PARIS – When the benefits of economic growth are distributed very unequally, social bonds fray. Those losing ground, especially the young, may well grow disaffected, then resentful. This was a key factor behind the Arab Spring revolts; and, as protests in Chile, Brazil, Israel, Turkey, and India have shown, social tensions stemming from inequality are mounting around the globe.
To be sure, income inequality has been increasing worldwide for decades. Even while many developing and emerging economies lifted millions of people out of extreme poverty, the perception that growth meant greater inequality was always bubbling below the surface. But now increasingly persistent unemployment and under-employment are giving new impetus to the rise in inequality, as the OECD reported to the G-20 in July.
Indeed, in the wake of the 2008 financial crisis, youth unemployment now averages 16% in advanced countries, and exceeds 40% in some European countries.
As a result, the challenge of inclusive growth has moved to the top of the global economic-policy agenda. Indeed, according to the World Economic Forum’s Global Agenda Outlook, widening income disparities will be the second most important world trend in 2014, behind only Middle East tensions.
Income gaps are growing for many reasons, ranging from “skill-biased” technological progress to corruption. But, whatever its causes, putting people back to work at productive, rewarding jobs can help a great deal, and this demands the best efforts of governments, employers, and civil-society groups on many fronts.
For starters, it means providing populations with access to quality schooling and health care: a healthy, educated person is an employable person. In many countries, this remains a major challenge. But the large strides already made in some low-income countries reveal great potential.
Consider Brazil, which enjoyed a long boom in the 2000’s, during which income inequality actually declined. One contributing factor was the bolsa familia (family grant), now a decade old. This monthly cash payment goes directly to mothers, provided that they keep their children in school and send them for regular medical checkups.
This innovative program is not only a human-capital investment in millions of children; it also allows mothers to work. Such well-designed subsidies for socially useful behavior can lift millions out of poverty.

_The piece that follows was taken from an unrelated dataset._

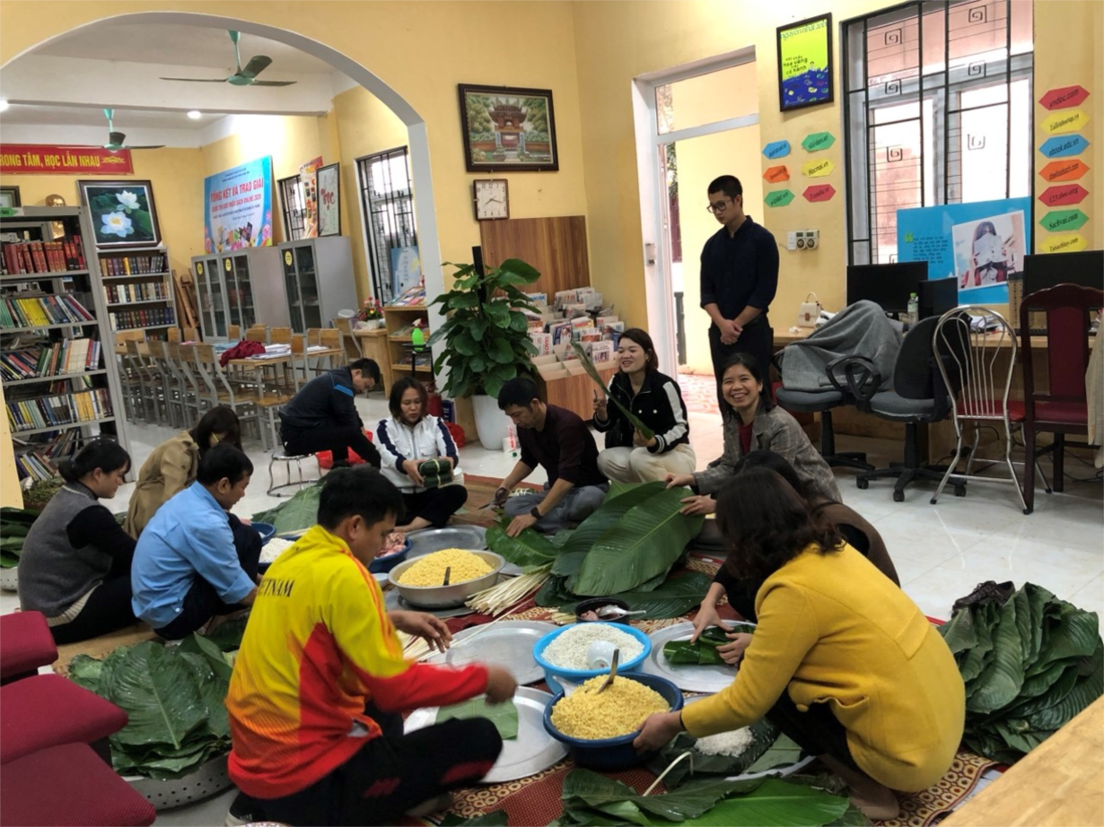 Trước đó ít ngày, Công đoàn lên kế hoạch phân công mỗi người mỗi việc, mỗi chân mỗi tay một cách rõ ràng cụ thể, chi tiết để hoạt động gói bánh diễn ra trôi chảy, nhanh chóng: người phụ trách đong gạo, người mua đỗ, người mua lá, người mua lạt, người mua thịt, người mua muối, mua tiêu… thầy cô nào ở gần thì mang chậu, mang rổ rá, mang mâm, mượn nồi luộc bánh…; người ngâm đỗ, ngâm gạo, người gói bánh, người thái thịt, người xóc muối, cắt lá,… Điều đặc biệt nhất, ấn tượng nhất trong hoạt động này là các thầy cô đều gói bánh không cần khuôn nhưng cái nào cũng vuông vức và đẹp. Ngay cả Ban giám hiệu cũng bắt tay vào việc. Như cô Nguyên Thị Thơm – Phó hiệu trưởng nhà trường trực tiếp đặt thịt và mượn nồi giúp Công đoàn, từ 7h sáng cô đã đôn đốc mọi người bắt tay vào làm. Vì thế hoạt động gói bánh xong trước dự tính: 10h30 lửa đã được thổi lên đến 22h30 thì hoàn tất quá trình luộc bánh. Như thầy Phạm Huy Thiệp – Hiệu trưởng nhà trường cũng uống tận nơi để hòa vào không khí tấp nập nhằm cổ vũ tinh thần công đoàn viên.

But education and health are just the first step. For practical and political reasons, redistributive programs, while essential, are not enough to ensure inclusive growth by themselves.

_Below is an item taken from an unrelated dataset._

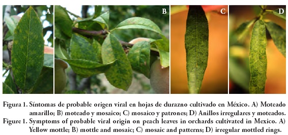Desde 2005 se ha observado la presencia, incremento y distribución de daños foliares en plantas de durazno en diferentes localidades de el Estado de México, estados de Morelos y Puebla. Estos daños se caracterizan por moteados y mosaico de color amarillo en las hojas (Figura 1 A y B). Los moteados al crecer forman mosaicos y patrones lineales (Figura 1 C) o anillos irregulares (Figura 1 D). Los tejidos dañados se desprenden dejando perforaciones irregulares con márgenes necróticos. El follaje de las plantas afectadas adquiere una tonalidad amarillenta o clorosis y causa una defoliación severa. Los frutos pueden presentar manchas tenues anilladas de color rojizo y redución del tamaño y color del fruto, así como un retraso en su madurez (observación personal del primer autor).

It is often said, for good reason, that the widening income gap largely reflects technological change, which has drained many economies of blue- and even white-collar jobs, while channeling the fruits of improved productivity to high-skilled elites. But the digital revolution can also enable inclusive growth. Internet applications and other communications advances are spreading knowledge and information to millions of poor people.
Consider Babajob.com, started by a Microsoft researcher in India to bring better job opportunities to the country’s informal sector by connecting employers and job seekers via the Web, mobile apps, SMS, and voice services. Likewise, in Kenya, as cellphones became widespread, network operators introduced M-pesa, by which anyone with a mobile phone can transfer money quickly and cheaply – a boon for the smallest enterprises in particular.
Both of these examples – and there are many others – originated not from government but from the private sector. And that points to another piece of the solution: improved labor-market efficiency. In many countries with high jobless rates, employers cannot find people with the right qualifications. The solution is twofold: better market information and better connections between the world of education and the world of work.
Specialized online job-search sites are facilitating employment. But a successful school-to-work transition should start when tomorrow’s workers are young. Early childhood education is critical but must lead to high-quality schools that provide ample career-related guidance and counseling. The evidence is clear; countries that invest in these areas have better results than countries that move more slowly.
While most countries aspire to move toward a “knowledge society,” this should not mean downplaying technical and vocational education. On the contrary, advanced economies need many skills, and high-quality technical education, especially if followed by effective apprenticeship programs, can create smooth transitions from school to work. Germany, Austria, Switzerland, and other developed countries are rightly praised for this. Germany’s youth unemployment rate is under 8%, and a steady supply of skilled labor helps to sustain the country’s success as an exporter.
To be sure, this model cannot be adopted in every country – for one thing, it requires a high degree of trust between labor and management. But some practices can be modified for use elsewhere. The G-20 countries have recently adopted comprehensive guidelines for quality apprenticeships; each member country should adopt the most appropriate strategy within this broad framework.
Virtual training programs, for example, allow students to practice using expensive machinery without interfering with actual production – and with no risk of damaging the equipment. Similarly, massive open online courses (MOOCs), which are another fast-growing approach to training, enable delivery of top-notch teaching to a broad public at a low unit cost.
There are many innovative approaches to sharing growth more equally, and more are emerging all the time. But they all point to a fundamental truth: If young people and the disadvantaged are to find satisfying and rewarding jobs, governments, employers, educational institutions, and civil-society groups all have an important role to play. Our economies’ long term sustainability depends on it.
Stefano Scarpetta is Director for Employment, Labor, and Social Affairs at the Organization for Economic Cooperation and Development.